Novel Numerical Characterization of Protein Sequences Based on Individual Amino Acid and Its Application

Abstract

The hydrophobicity and hydrophilicity of amino acids play a very important role in protein folding and its interaction with the environment and other molecules, as well as its catalytic mechanism. Based on the two physicochemical indexes, a 2D graphical representation of protein sequences is introduced; meanwhile, a new numerical characteristic has been proposed to compute the distance of different sequences for analysis of sequence similarity/dissimilarity on the basis of this graphical representation. Furthermore, we apply the new distance in the similarities/dissimilarities of ND5 proteins of nine species and predict the four major classes based on the dataset containing 639 domains. The results show that the method is simple and effective.

1. Introduction

It is becoming increasingly important to accurately predict structure and function of proteins because there is an increasing amount of protein sequences collected. Now, many methods have been proposed to gain the additional information or knowledge about the sequence. Graphical representations have become an effective aid in understanding numerical characterizations of biological sequences. One method of creating a graphical representation of a biologic sequence is to create a mapping from the sequence of amino acids or bases, in increasing sequence order, to a numeric characterization of a property of the amino acid or base. According to the numerical characterizations, we can further analysis and research of biological sequences.

The graphical technique was firstly proposed by Hamori [1] for representation of DNA sequences. And then many graphical representations of DNA sequences were provided, for example, 2D, 3D, and other graphical representations of DNA sequences [2–10].

Graphical representation of protein sequences has emerged recently [11–21]. On the basis of the genetic code, Randić et al. [11–14] gave some graphical representations of protein sequences. Recently, many graphical representations of protein sequences are generated according to the physicochemical properties of 20 AAs [15–21].
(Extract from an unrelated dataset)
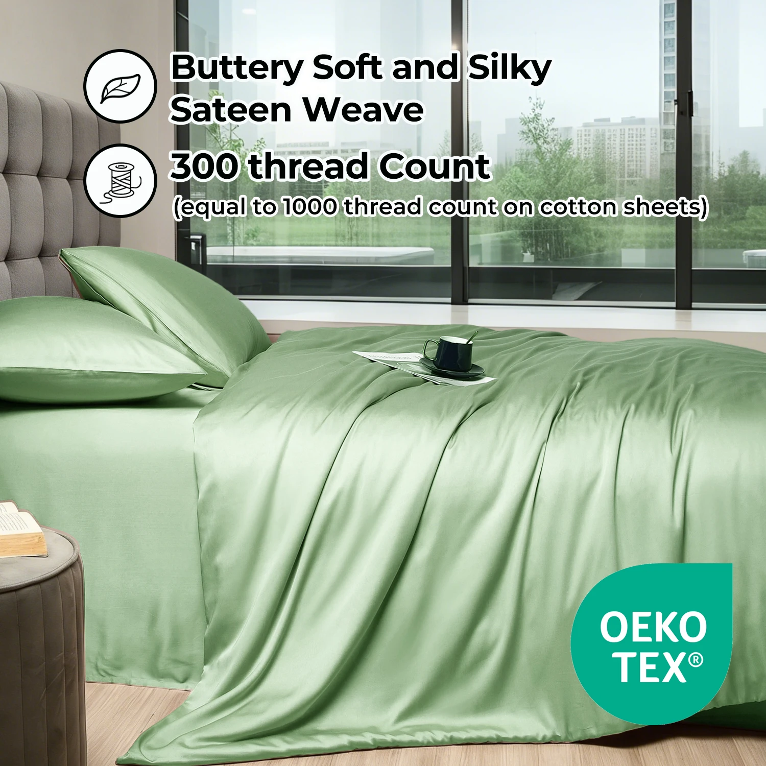 100% Bamboo Fiber Woven King Size 300tc 3-Piece Modern All-Season Duvet Cover Set with Flat Sheet Fitted Sheet and Pillowcases

In order to have a more intuitive understanding about the biological characteristics implied in the sequence and analyze the similarity/dissimilarity of the protein sequences, Randić and others [22–26] proposed many numerical characterizations, such as M, D, M/M, L/L(D/D), L ^k/L ^k matrix. For example, M/M matrix is the quotient of the Euclidean distance and the Graph distance between points in the curve; L/L(D/D) represents quotient of the Euclidean distance and the sum of distances between a pair of points in the curve. Furthermore, these different characteristic invariants were applied to compare the similarities of biological sequences. However, the numerical characterization methods require a great amount of calculation and lose some information of sequences. So many simple and direct methods were proposed in order to solve complex problems in the sequence alignment. For instance, Randić et al. [27, 28] and He et al. [19] directly apply the generating graphical representation of protein sequences to compare the similarities/dissimilarities of the protein sequences of different species.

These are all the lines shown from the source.